August 13, 2009 at 3:32 pm
(This post was last modified: August 13, 2009 at 3:48 pm by Jon Paul.)
(August 13, 2009 at 3:19 pm)EvidenceVsFaith Wrote: 1) The universe can work just fine without a transcendal 'God'. 2) If God can exist from the beginning then so can the universe, 3) and the universe is less complex than the universe + God.1) If there is a transcendental God, then he is a necessary being, and then the universe cannot work "just fine without him". If there is not, then there is not a necessity of that being, and then the universe can work just fine without him. You just proved, yet again, that all you really have to offer is a presupposition: namely the presupposition that there is not a necessary being, only in which case the latter conclusion is correct.
2) A transcendental God is not just a God who exists only from the beginning, but exactly transcendental to time, and therefore nontemporal and existing wholly apart from the beginning and the ending. Otherwise he would be immanent and temporal, not transcendent.
3) Not according to the doctrine of divine simplicity, which signifies that God is the simplest possible being, and that the origin of the complex universe is in God, the simple being whose attributes all reflect on his singular (mono) ontology, as opposed to the attributes of the universe and its capability for containing a multiplicity of them which are not equal and much complexity and contradictions, as opposed to the singular ontology of the necessary being.

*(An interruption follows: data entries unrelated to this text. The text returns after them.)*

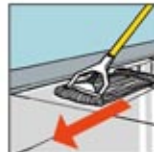
6. Pel ujung dan tepi lantai secara manual. Pel lagi bila larutan berlebihan.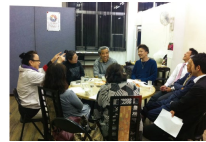
それぞれの夢を取り入れ、強みを活かしたぎふのまちの賑いに繋げる活動をしていきます

地域に生まれ始めた主体的な協働の和を広げると共に、まちづくり運動ビジョンのもと、ぎふのまちの地域資源を活かしたまちづくりを展開していきます。 岐阜JCがコミュニティシップ(※1)を発揮し、コミュニティや企業、行政との協働を通して、それぞれの夢を取り入れ、強みを活かした活動ができる事業を創っていきます。 そして、多くの人の意見を取り入れたぎふの新たな風物詩を創っていくことで、ぎふのまちに一体感を生み出していきます。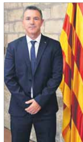
El delegat del govern a Portugal, Rui Reis

és valorar com es transmet Catalunya a la societat portuguesa, de manera objectiva i des d'un punt de vista acadèmic", justifica a El Punt Avui el delegat, Rui Reis, que destaca el paper crucial de la premsa en un país que ha mostrat sempre molt interès pel procés, tant en forma de peces informatives com d'articles d'opinió.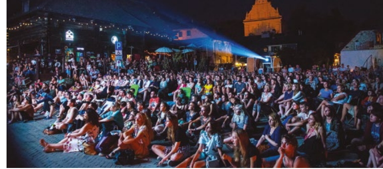
Festiwal Dwa Brzegi - nocny seans na Małym Rynku

7. Festiwal Filmu i Sztuki DWA BRZEGI w Kazimierzu Dolnym to jeden z najciekawszych filmowych festiwali w kraju. W programie wielodniowej imprezy, obok seansów kinowych z obrazami nagradzonymi w Berlinie, Cannes, Locarno czy Sundance, są spotkania z twórcami kina, koncerty, wystawy i inne klimatyczne wydarzenia, rozgrywane w zabytkowych obiektach i nadwiślańskich plenerach Kazimierza, Mięćmierza, Janowca.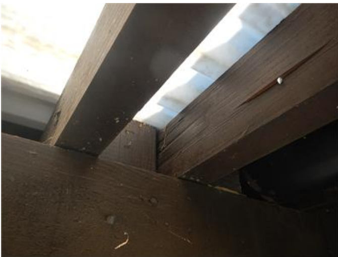
Rötskador i takstol på carporten.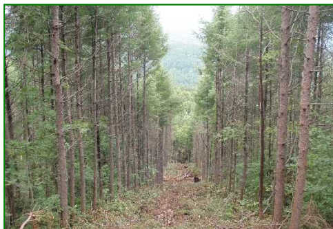
遠島山国有林（保育間伐）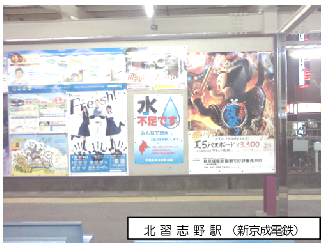
北習志野駅 (新京成電鉄)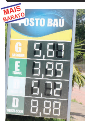
João Monlevade G: R$ 5,67 - D: 5,72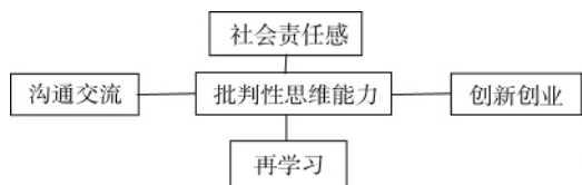
图1 当代大学生必备的思维能力体系

独立意识与创新精神并非是相互割裂的,二者间存在紧密的逻辑联系。一方面,独立意识是培养创新精神的前提条件。因为培养创新精神,需要将多种创造性思维结合起来进行训练,其中就包括了最为重要的独立思维和批判思维。另一方面,创新精神是独立意识的内在支撑。如果不能在创造性思维中表现出高度的创新热情和敏锐的洞察力,那么,独立意识必然放弃对所谓“惯性思维”的反抗,偶然蹦出的“灵感”可能会遭到无情扼杀。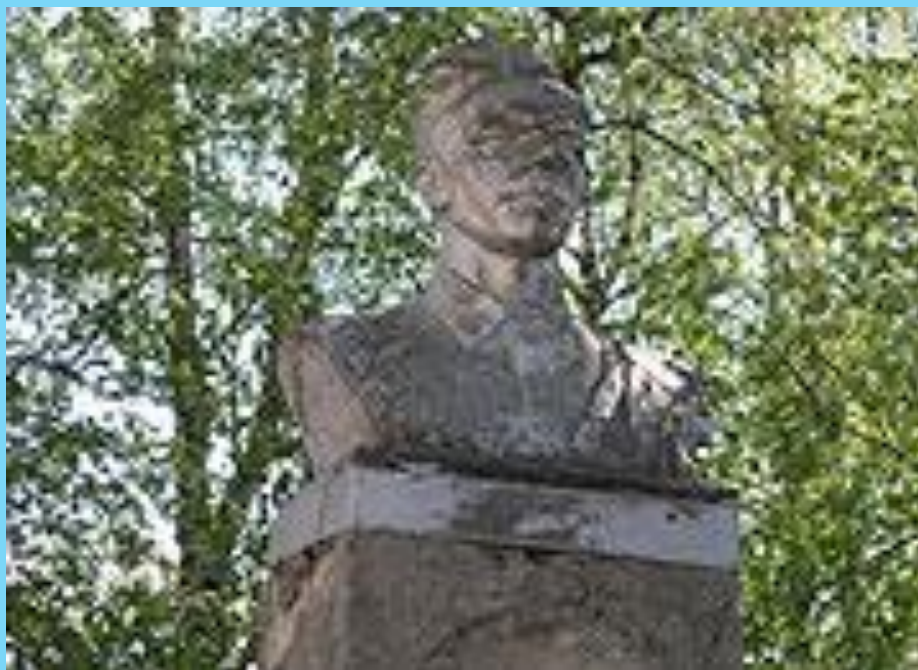
Памятник П.И.Лопареву, герою гражданской войны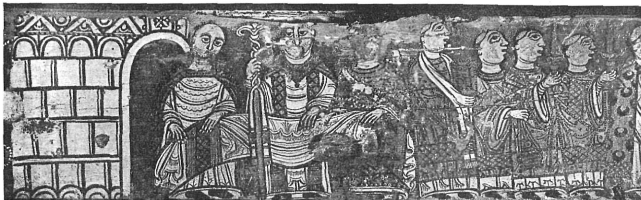
Viga románica del Monasterio de San Miguel de Cruilles.

Procedentes de los famosos «scriptorium» de Ripoll, de San Pedro de Roda, de Gerona, son de gran interés los diversos Códices de los siglos XI-XII.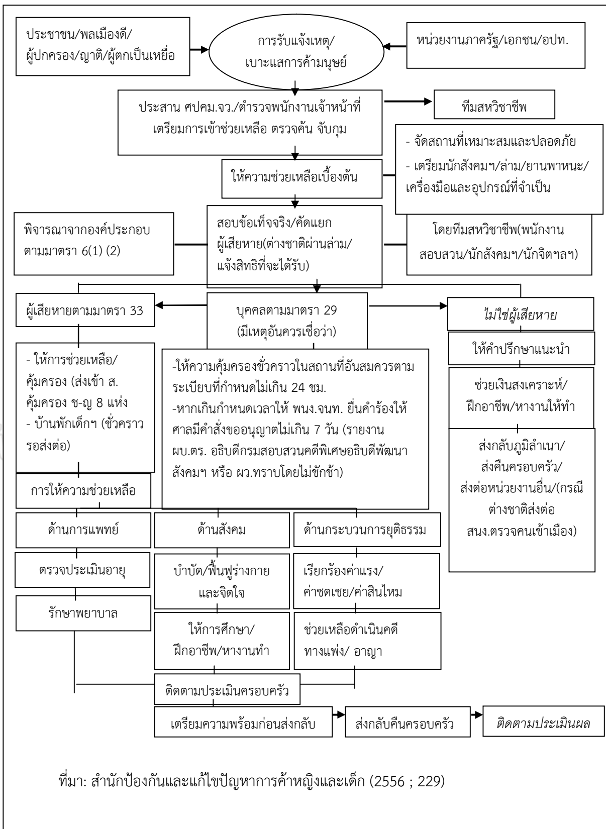
ภาพที่ 1 ขั้นตอนการทำงานของทีมสหวิชาชีพในการคุ้มครองช่วยเหลือผู้เสียหายจากการค้ามนุษย์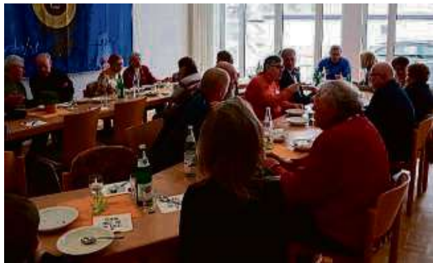
Etwa 30 Gäste fanden sich zur Premiere des Selbolder Projekts „Eintopf“ im Katharina-von-Bora-Haus ein, um den ersten Mittagstisch zu genießen.

Wisseler zeigte sich insbesondere darüber begeistert, dass es von der ersten Idee im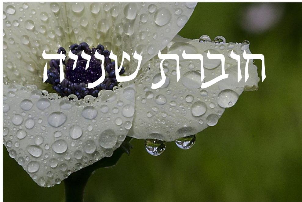
Yosi Ishlach - Photographer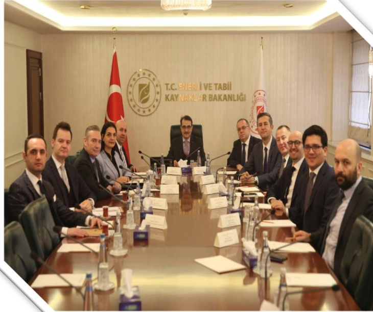
Minister of Energy and Natural Resources Mr. Fatih Dönmez Visit

9 official visits were made by the Board of Directors.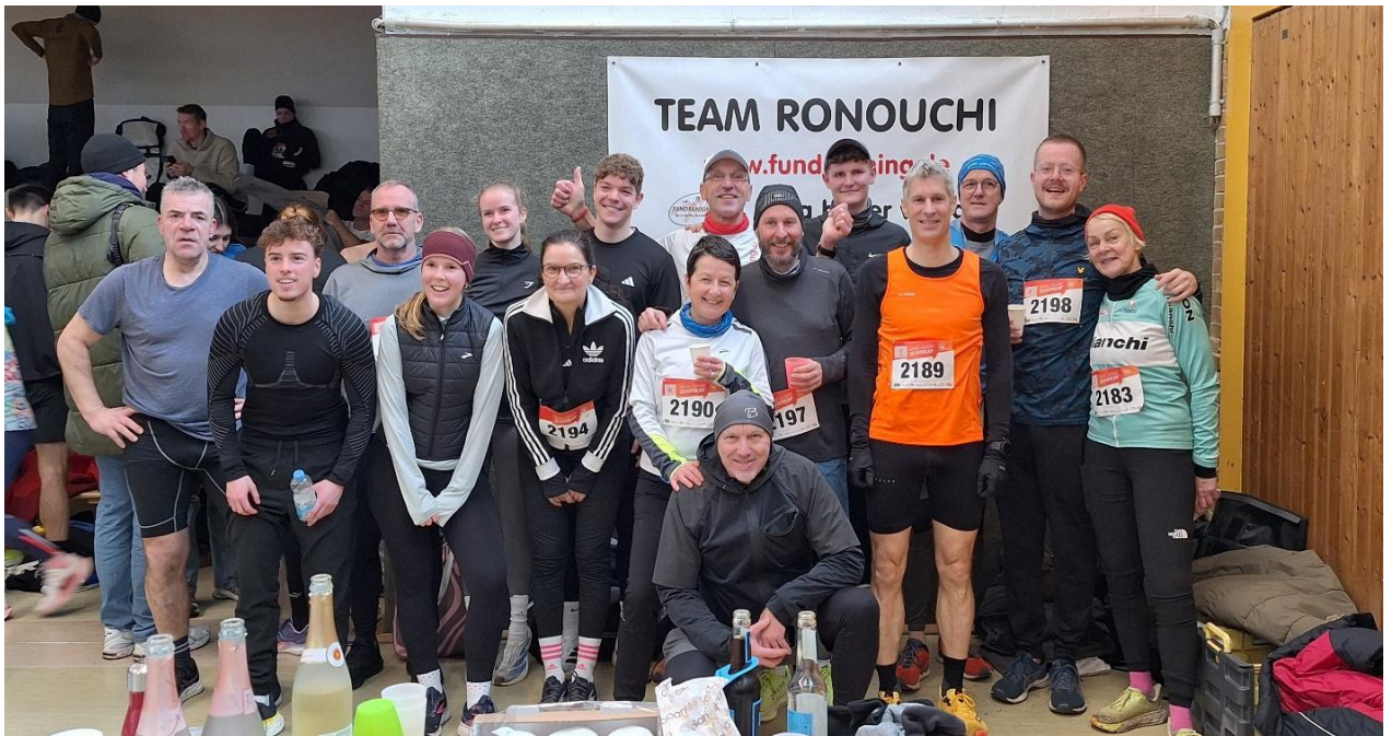
Silvesterlauf Münster 31.12.2025

Refine Your Sport! Veredle Deinen Sport! Mit Team Ronouchi und Fundrunning for a better world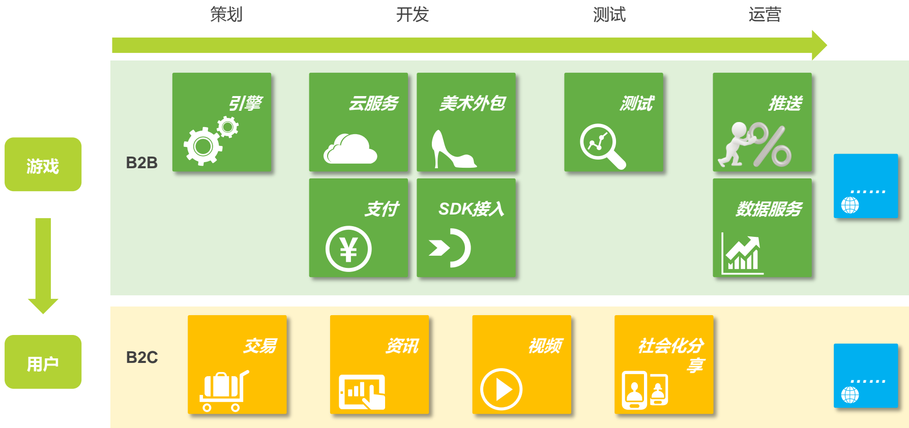
中国移动游戏第三方服务产业链图

移动游戏行业高速发展，产业链上也出现了众多创新型的第三方服务公司，服务于移动游戏运营商和用户。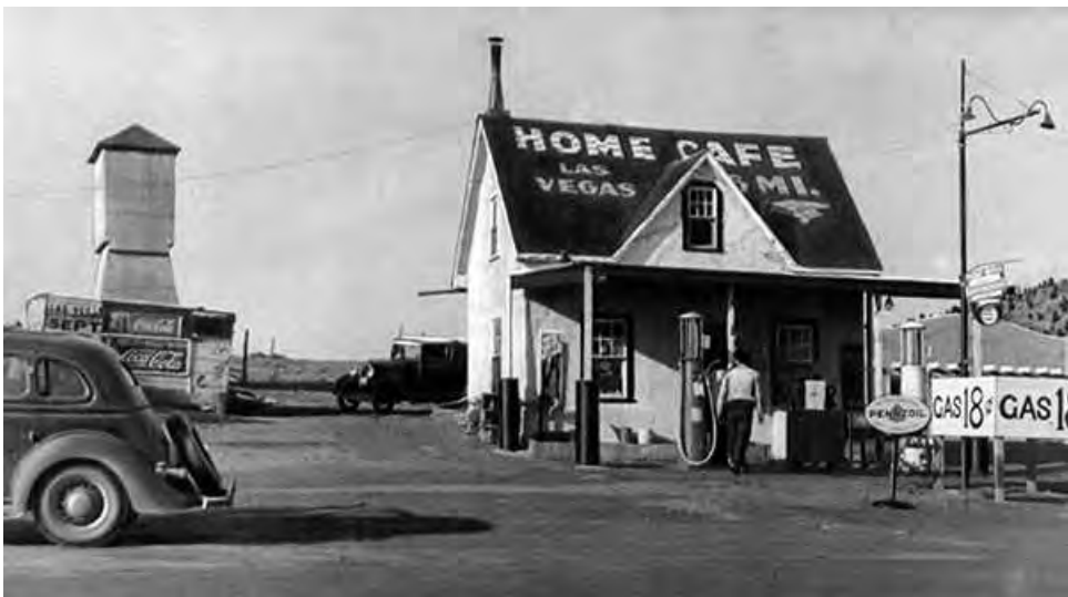
На газолиновой станции

О, эта дорога! В течение двух месяцев она бежала нам навстречу — бетонная, асфальтовая или зернистая, сделанная из щебня и пропитанная тяжелым маслом. /.../ Мы катились по ней с такой легкостью и бесшумностью, с какой дождевая капля пролетает по стеклу.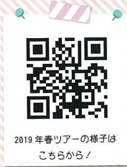
2019年春ツアーの様子は こちらから!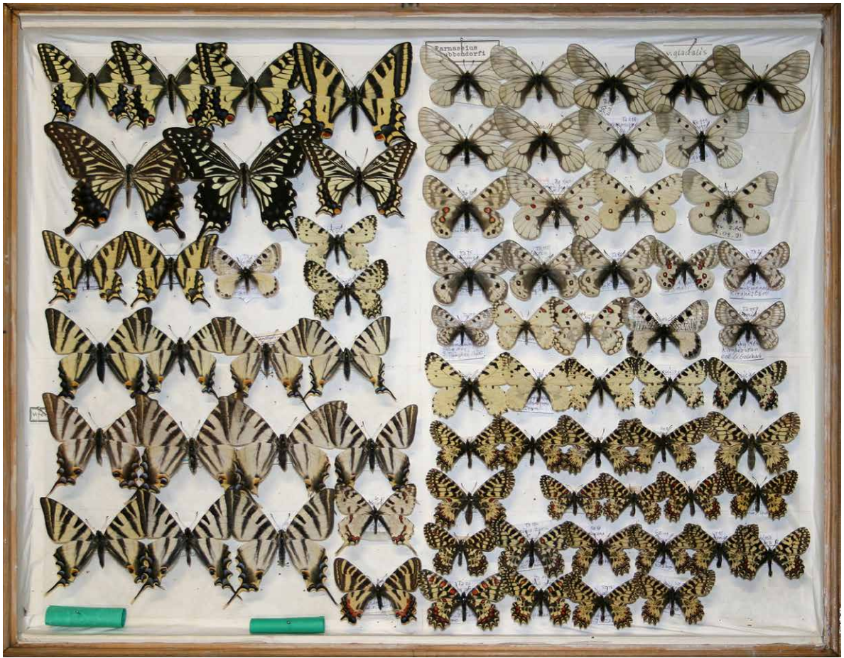
Abb. 1 | Kasten Nr. 01 aus der Sammlung G. Goldbach: Ritterfalter (Papilionidae).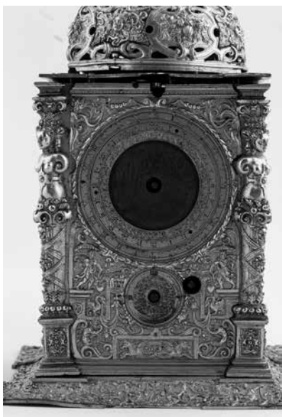
Joonis 8. Kella esikülg.

(August 13, 2009 at 3:19 pm)EvidenceVsFaith Wrote: So I need some physcial evidence of him, because if he's non-physcial I can't detect him, I can't know of any evidence of him, so there's no reason top believe in him.You can test Gods existence through the principles of logic, rational and empirical inquiry, since if God truly exists, then his existence has effects which means that we can know, by understanding the nature of reality, whether God is the source for the effect we call the universe. Though you cannot directly observe him, that doesn't exclude evidence, neither of purely rational nor empirically based kinds. We've been over this before; direct observation is not the only kind of evidence of a thing. There is also evidence after the effect.
(August 13, 2009 at 3:22 pm)LukeMC Wrote: So your god is allowed to be uncreated but my universe isn't? Why isn't god an actualised potentiality? He just "is" yet my universe must be caused?[/hide]Look around you. You see that this universe is impure actuality, which means a composition of actuality and potentiality through actualised potentiality, because what exists now has unrealised potencies, which means the aptitude for change or for a new thing coming to be true of that thing. That which has unrealised potencies, is not pure actuality, because pure actuality is not purely actual unless it is completely (purely) actual, with nothing being unactual -unrealised/still potential- in it; if it is not purely actual -realised-, and has unrealised potencies, it is impure actuality (like our universe), and it has aptitude for change, and it will constantly change and evolve and unactual real potencies of that thing can (and will) become actual, and this constantly keeps happening while it exists. That is not pure actuality; that is impure actuality, that is, the actuality of a potency which is itself an actualised potency of another thing, and which itself carries other unactual potencies in itself that have yet to become actual.
The people who are the most bigoted are the people who have no convictions at all.